The 9th Circuit has now dismissed that case. In its opinion, the court noted that not only do nonhuman animals like monkeys lack standing under the Copyright Act, but that PETA failed to establish “next friend” standing to allow it to sue on Naruto’s behalf. Next friend legal status applies to someone acting in court on behalf of someone unable to do so, such as a child or a person with a severe disability. This party typically must have a close relationship to the person for whom they are acting. The court found that PETA didn’t have particularly close ties to Naruto, nor did it convincingly act in the macaque’s interest.
It seems PETA pursued this copyright claim on behalf of an artistically creative monkey not to benefit the artist – the monkey never got a nickel out of whatever settlement was derived from the use of his art – but for its own purposes. As the 9th Circuit asked in a footnote to its opinion, if animals can sue, “How do we prevent people (or organizations, like PETA) from using animals to advance their human agendas?”
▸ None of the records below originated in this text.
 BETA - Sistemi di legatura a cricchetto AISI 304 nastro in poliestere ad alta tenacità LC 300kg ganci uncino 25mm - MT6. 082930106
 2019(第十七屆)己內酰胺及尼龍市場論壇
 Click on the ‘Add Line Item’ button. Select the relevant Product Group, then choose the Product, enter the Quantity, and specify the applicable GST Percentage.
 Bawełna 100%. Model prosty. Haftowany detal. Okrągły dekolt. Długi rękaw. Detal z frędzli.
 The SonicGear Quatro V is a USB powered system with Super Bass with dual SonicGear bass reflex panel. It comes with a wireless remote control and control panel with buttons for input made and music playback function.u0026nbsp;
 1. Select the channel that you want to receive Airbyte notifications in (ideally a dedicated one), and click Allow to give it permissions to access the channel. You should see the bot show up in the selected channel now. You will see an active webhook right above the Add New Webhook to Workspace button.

And what is that agenda? Let’s call it vegan activism. In a nutshell, PETA seems intent on pressing upon the rest of us its view that animals have essentially the same rights as humans – not just a right to share the planet, but also a right to occupy a space at the top of the literal and economic food chains. PETA would take the expression “meat is murder” from a slogan to a law, if it could. Pressing the courts to find legal standing for animals in their own right is a building block toward that objective.
True to form, the 9th Circuit – in recent decades the nation’s most left-leaning, at least until Obama appointees took control in other circuits – provided the opening itself in the 2004 decision Cetacean Community v. Bush. In that case, a three-judge panel found that a lawyer claiming to speak for all whales and dolphins had constitutional standing to bring a lawsuit. That panel ruled that a human genome is not a prerequisite to demanding the liberties articulated by the founding fathers, who at that time did not even see fit to extend such liberties to humans including slaves, free women, or free men who didn’t own land. Those human exclusions were later cured by law and constitutional amendment; the circuit court cited no such foundation for its conclusion as to whales and dolphins. The cetaceans still lost the case, however, since even the appeals court conceded that the specific statutes in question granted legal standing only to those with human DNA.
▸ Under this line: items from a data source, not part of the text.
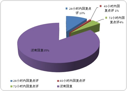 根据我们对国内的358家酒店进行数据统计和分析,确如艾瑞咨询数据统计显示,在统计对象中有85%的酒店针对点评是永不进行回复的。72小时回复的官方网站仅占4%,48小时回复的官方网站仅占1%,24小时回复的官方网站仅占10%。因此,针对此现状建议酒店安排专人对在线渠道进行管理,其中包括官方网站的库存管理、房态管理和点评管理。
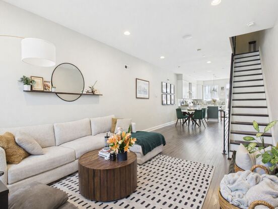 Enjoy multiple outdoor spaces including a private backyard patio and a massive rooftop deck with stunning skyline views, perfect for relaxing or entertaining. Additional features include in-unit laundry, modern designer bathrooms, and abundant natural light.
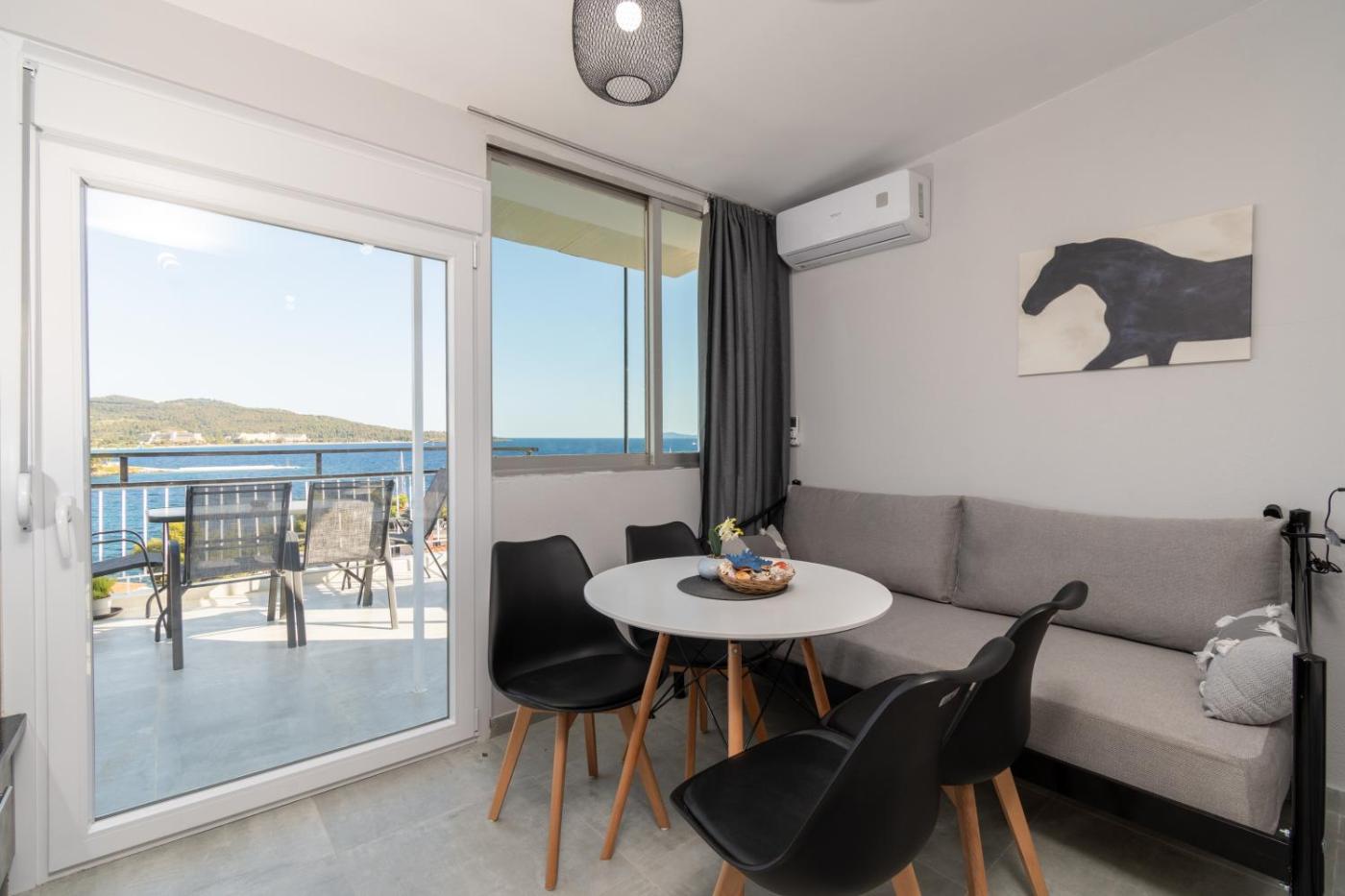 Studio Apartment with Sea View. The air-conditioned apartment features 1 bedroom and 1 bathroom with a shower and a hairdryer. Meals can be prepared in the kitchen, which is equipped with a stovetop, a refrigerator, kitchenware and a tea and coffee maker. Featuring a terrace with sea views, this apartment also provides a washing machine and a flat-screen TV. The unit offers 2 beds.
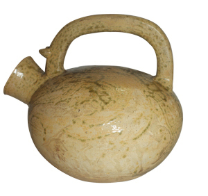 原始青瓷或稱“原始瓷器”,也稱“釉陶”、“青釉器”等。瓷器原始階段時(shí)的制品,一般認(rèn)為產(chǎn)生于商周時(shí)期。原始青瓷制品的胎體含鐵量在2%左右,經(jīng)過(guò)人工施釉,在1200℃左右的高溫中燒成。器物大多為尊、卣、簋、壺、豆、罐、鼎、杯、盂等盛器,春秋、戰(zhàn)國(guó)時(shí)也有一部分鐘、錞等仿青銅禮器。原始青瓷在浙江、江蘇、安徽等地都有發(fā)現(xiàn)。經(jīng)化驗(yàn)后證明,這些原始青瓷的瓷胎系用高嶺土燒制而成,瓷釉光潤(rùn),多施在器表及口沿內(nèi),器內(nèi)施釉的少見(jiàn)。其釉為以鐵的氧化物為著色劑的高溫釉,釉色以青綠為主,少數(shù)呈黃綠色或黃褐色。器物制作基本上采用輪制法,也有手捏和泥條盤筑法成形的。從瓷器的胎質(zhì)、釉料、燒成溫度及物理性能看,已具備瓷器的基本特征,但由于當(dāng)時(shí)的工藝技術(shù)水平比較低,原料粗糙,雜質(zhì)多,而且胎料的可塑性較差,胎體頗多裂紋、變形,像圖中這只提梁壺這樣造型規(guī)整的器物并不多見(jiàn)。這只戰(zhàn)國(guó)原始青瓷提梁壺是當(dāng)時(shí)流行于貴族階層的一種酒具,雖說(shuō)裝飾略少,但外形上運(yùn)用了簡(jiǎn)潔流暢的曲線,圓滿古拙的器身上是一條纖細(xì)方形青龍為提梁,向人們展示有器型(壺身)、有線條(提梁)、有神光的威嚴(yán),有藝術(shù)的夸張,視覺(jué)上整體穩(wěn)重又不活潑,給人以精神與藝術(shù)的雙重享受,實(shí)為一件值得珍藏與欣賞的古代藝術(shù)品。
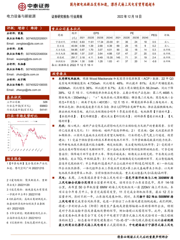 【中泰证券】【20221218】20221218-中泰证券-电力设备与新能源行业周报:国内锂电池新品发布加速,漂浮式海上风电有望弯道超车-30页
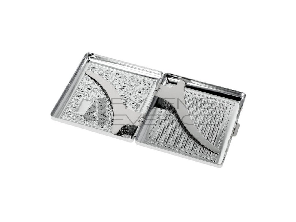Pouzdro na cigarety kovové s pružinou na klasické cigarety (King Size)- cca 20ks. V chromovém lesklém provedení je zdobené gravírovanými ornamenty. Zadní a přední strana pouzdra nejsou stejná. Vhodné na gravírování textu, loga i fotografie.
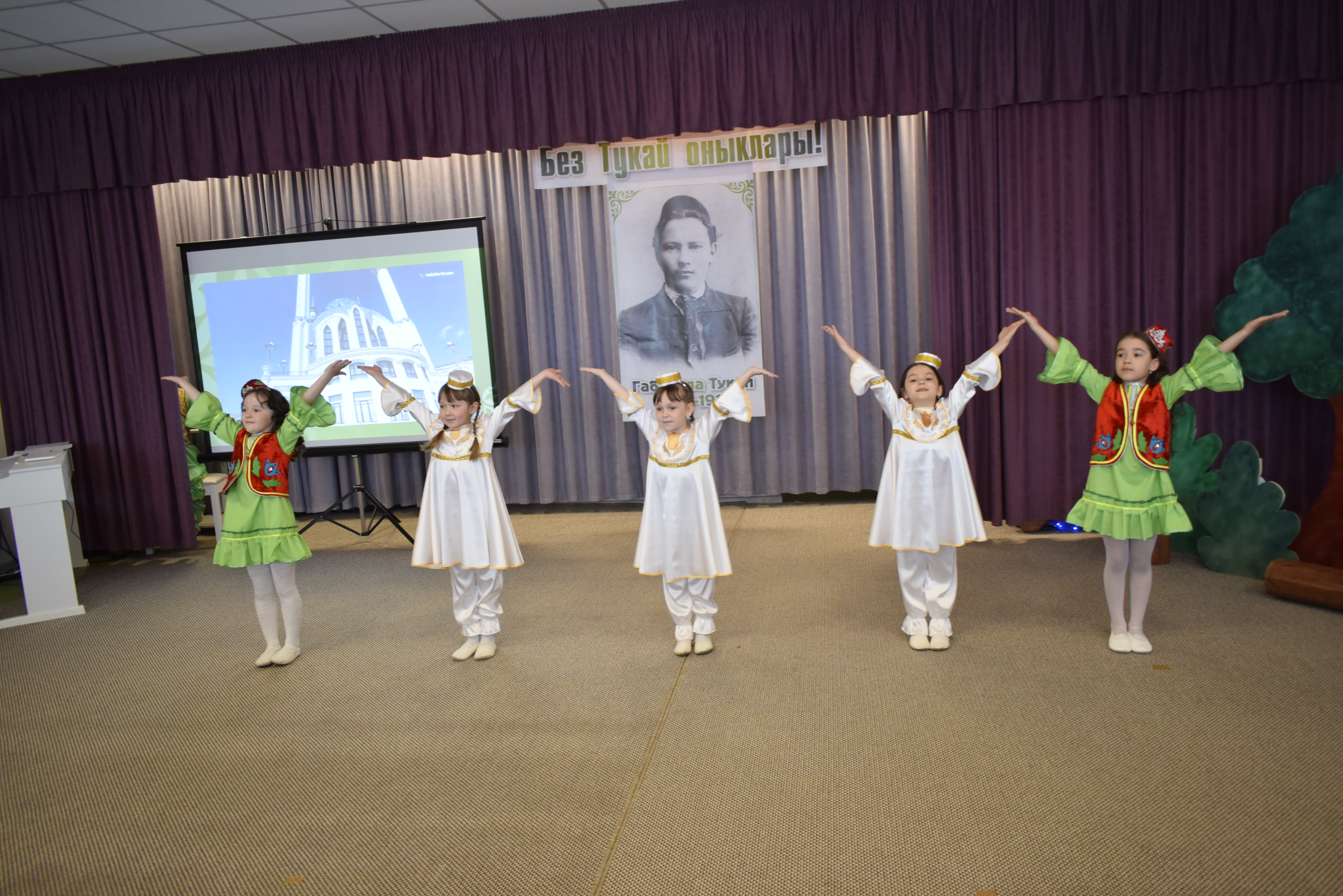 Ачык дәресләрдән соң барысы да балалар бакчасының актлар залына үтте. Стенада Габдулла Тукайның зур портреты эленгән, сәхнә декорацияләр белән бизәлгән иде. Педагоглар белән очрашуның концерт өлешен логопед Ләйсән Зәйниева матур итеп алып барды. Аудитория һәр номерны җылы кабул итте. Балалар Габдулла Тукай шигырьләрен, татар һәм рус биюләрен башкардылар, кызыклы инсценировкалар күрсәттеләр.

In the Naruto v. Slater opinion, the latest three-judge 9th Circuit panel openly regretted the Cetacean decision. The majority wrote: “In reflecting on these questions, [concurring] Judge [N.R.] Smith reaches the reasonable conclusion that animals should not be permitted to sue in human courts. As a pure policy matter, we agree. But we are not a legislature, and this court’s decision in Cetacean limits our options.” In this instance, the option the court chose was refusing to grant PETA’s motion to dismiss after reaching a settlement last fall – a settlement, the court pointed out, that did not directly benefit Naruto. In light of Cetacean, the best the court felt it could do was to make it harder for PETA and other organizations to bring future lawsuits on animals’ behalf. The judges also ordered PETA to pay Slater’s attorneys’ fees.
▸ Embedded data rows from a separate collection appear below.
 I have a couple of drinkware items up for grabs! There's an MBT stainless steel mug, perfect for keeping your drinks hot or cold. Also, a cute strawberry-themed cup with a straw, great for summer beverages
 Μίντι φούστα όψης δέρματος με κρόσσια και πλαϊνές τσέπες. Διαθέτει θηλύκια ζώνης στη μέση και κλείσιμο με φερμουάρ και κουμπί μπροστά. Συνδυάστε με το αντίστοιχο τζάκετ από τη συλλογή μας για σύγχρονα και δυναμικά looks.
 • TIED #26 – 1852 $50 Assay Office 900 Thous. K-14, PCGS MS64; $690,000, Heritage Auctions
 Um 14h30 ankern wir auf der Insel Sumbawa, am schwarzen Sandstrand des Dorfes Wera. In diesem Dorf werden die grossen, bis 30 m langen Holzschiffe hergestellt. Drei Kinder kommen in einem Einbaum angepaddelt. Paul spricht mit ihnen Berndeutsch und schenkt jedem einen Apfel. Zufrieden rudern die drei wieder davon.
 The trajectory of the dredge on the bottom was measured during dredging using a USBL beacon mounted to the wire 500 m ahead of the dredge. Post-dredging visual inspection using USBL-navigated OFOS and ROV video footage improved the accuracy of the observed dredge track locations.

PETA may not have won, but it probably got at least part of what it wanted in bringing this monkey business to court. We can’t blame the organization for advocating its cause, especially after a federal appeals court essentially invited it to do so. And as for exploiting a purported victim’s suffering (though Naruto seemed to be pretty content with his selfie), well, PETA is only following the time-honored path of any nonprofit development director. The mere publicity alone resulting from the case means more donations, regardless of the outcome. And that ain’t peanuts.